Extracted records
○ ○ ○

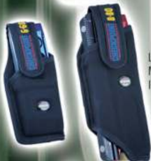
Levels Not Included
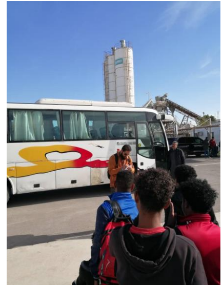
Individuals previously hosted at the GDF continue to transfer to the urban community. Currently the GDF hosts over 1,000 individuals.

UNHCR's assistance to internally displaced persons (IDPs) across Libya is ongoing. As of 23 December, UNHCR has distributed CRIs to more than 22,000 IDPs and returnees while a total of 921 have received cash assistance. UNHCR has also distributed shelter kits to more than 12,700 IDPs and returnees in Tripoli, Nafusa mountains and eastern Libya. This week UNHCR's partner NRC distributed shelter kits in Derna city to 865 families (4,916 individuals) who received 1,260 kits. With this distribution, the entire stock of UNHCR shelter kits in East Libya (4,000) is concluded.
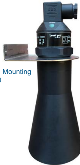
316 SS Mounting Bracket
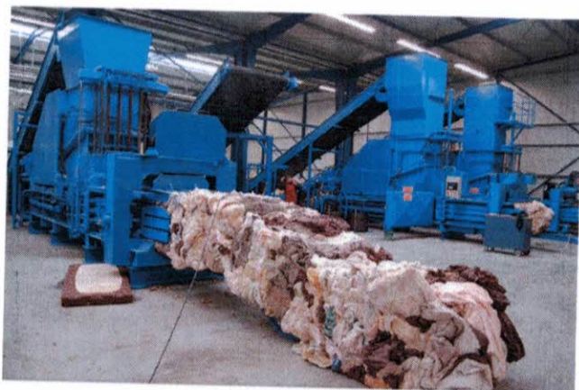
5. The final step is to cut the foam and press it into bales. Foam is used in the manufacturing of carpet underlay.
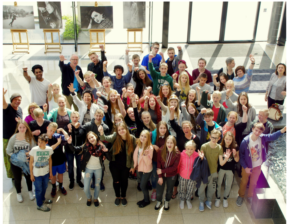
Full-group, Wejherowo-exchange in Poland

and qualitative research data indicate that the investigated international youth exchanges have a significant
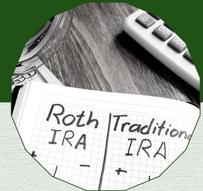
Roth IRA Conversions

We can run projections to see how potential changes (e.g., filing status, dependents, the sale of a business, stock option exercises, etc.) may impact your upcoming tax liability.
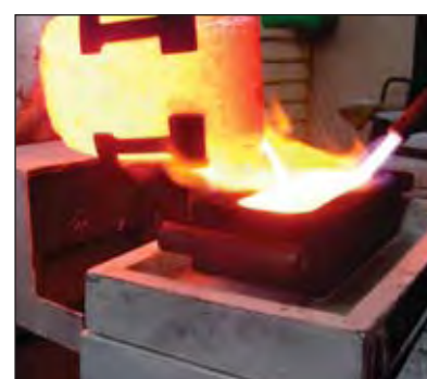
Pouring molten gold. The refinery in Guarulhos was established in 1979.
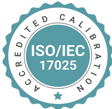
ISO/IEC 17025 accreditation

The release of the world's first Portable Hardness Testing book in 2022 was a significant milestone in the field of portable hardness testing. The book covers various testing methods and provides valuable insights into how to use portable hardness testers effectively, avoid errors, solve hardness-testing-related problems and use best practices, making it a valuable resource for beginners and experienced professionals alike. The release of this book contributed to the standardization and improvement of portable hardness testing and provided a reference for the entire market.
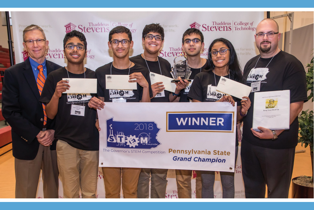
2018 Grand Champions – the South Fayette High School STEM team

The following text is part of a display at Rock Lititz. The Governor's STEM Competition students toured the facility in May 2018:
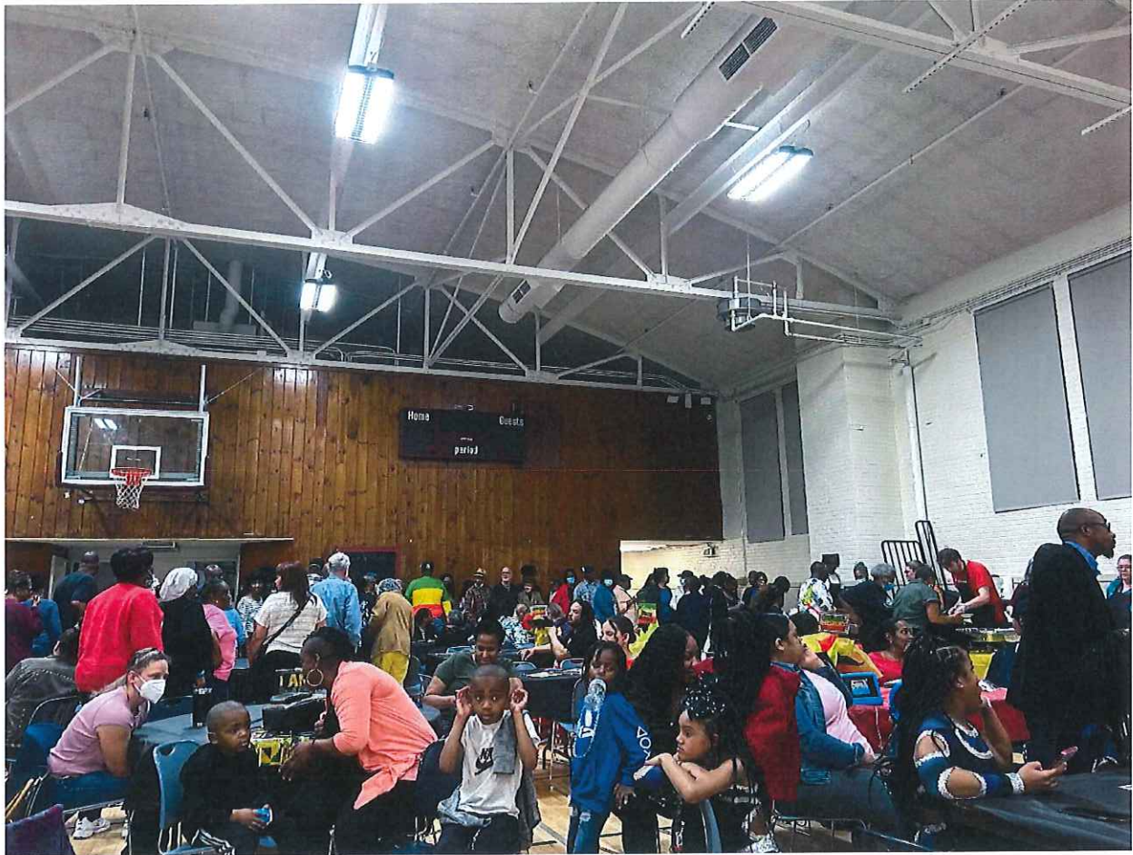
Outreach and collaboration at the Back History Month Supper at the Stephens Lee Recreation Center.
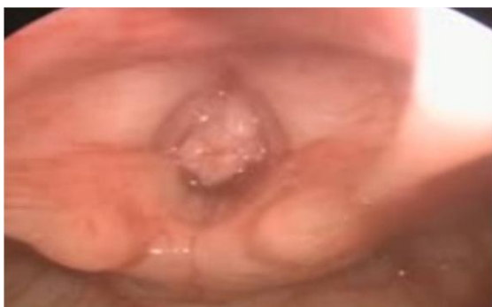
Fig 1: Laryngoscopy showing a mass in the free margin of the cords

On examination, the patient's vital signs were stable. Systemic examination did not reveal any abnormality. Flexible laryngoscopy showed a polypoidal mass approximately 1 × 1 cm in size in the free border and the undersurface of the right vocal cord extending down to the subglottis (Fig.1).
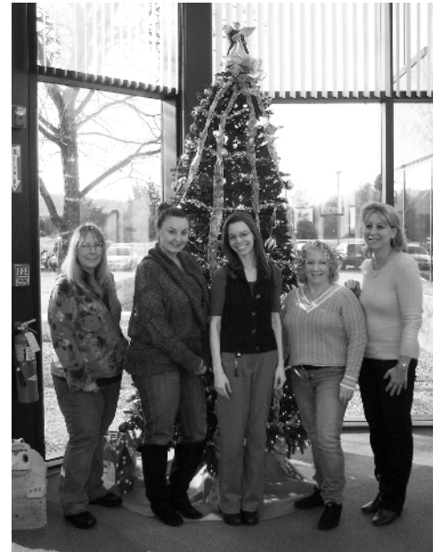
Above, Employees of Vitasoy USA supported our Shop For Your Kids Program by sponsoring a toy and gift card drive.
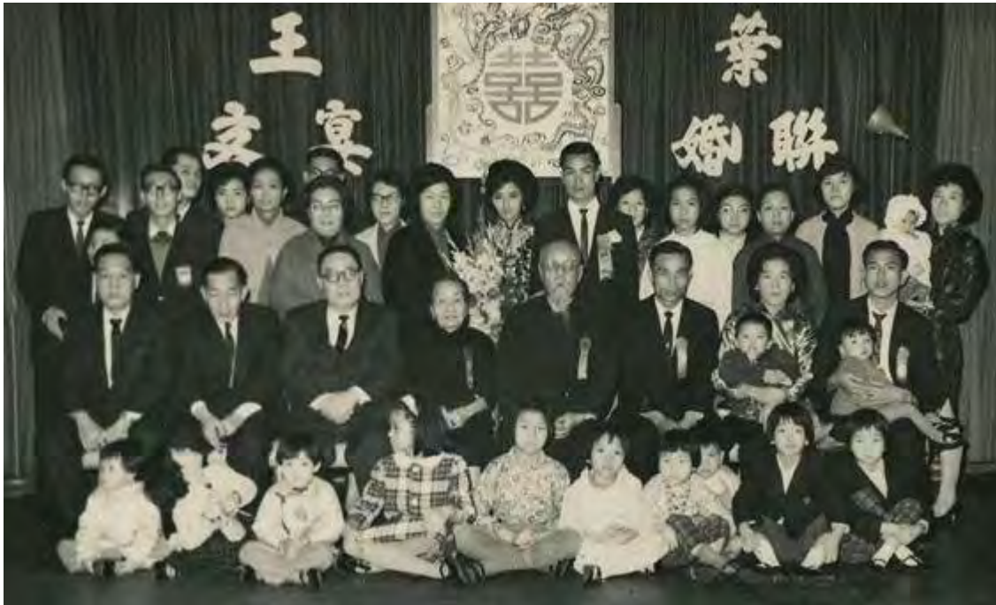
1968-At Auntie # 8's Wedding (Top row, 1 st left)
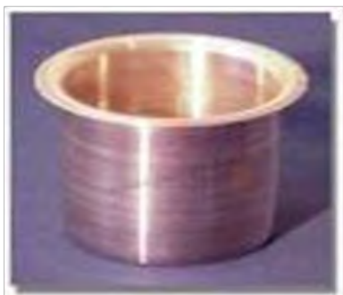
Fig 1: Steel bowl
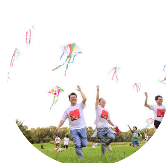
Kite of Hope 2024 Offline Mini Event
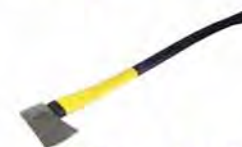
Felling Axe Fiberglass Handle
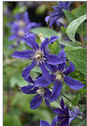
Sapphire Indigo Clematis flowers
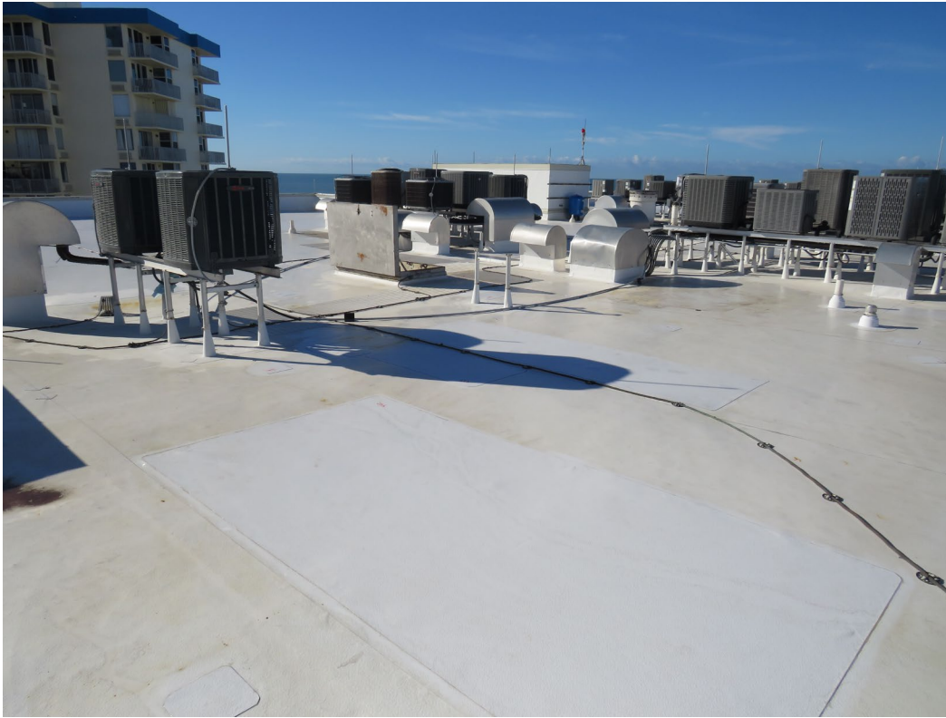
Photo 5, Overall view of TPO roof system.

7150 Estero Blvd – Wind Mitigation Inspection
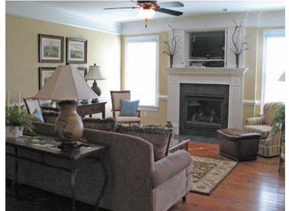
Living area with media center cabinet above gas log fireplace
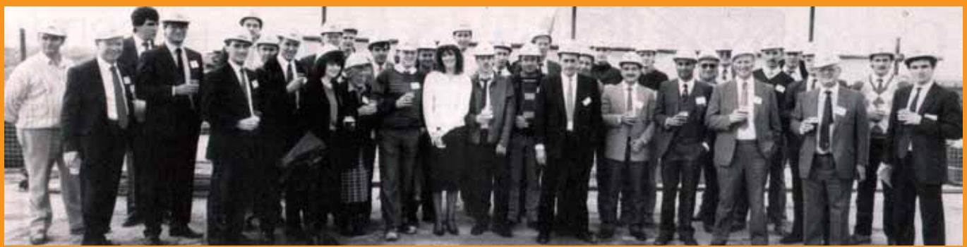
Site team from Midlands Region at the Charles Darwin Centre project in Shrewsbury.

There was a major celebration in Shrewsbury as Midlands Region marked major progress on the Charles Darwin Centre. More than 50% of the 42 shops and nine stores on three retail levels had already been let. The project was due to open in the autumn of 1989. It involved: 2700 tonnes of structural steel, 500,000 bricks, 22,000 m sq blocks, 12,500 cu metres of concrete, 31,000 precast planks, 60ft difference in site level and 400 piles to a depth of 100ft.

○ ○ ○

# Problem to solve:
Word for word, write out the lines from the top of the records above down to the line holding "Individuals previously hosted", inclusive, but not the pictures.

# Answer to the problem:
Levels Not Included
Individuals previously hosted at the GDF continue to transfer to the urban community. Currently the GDF hosts over 1,000 individuals.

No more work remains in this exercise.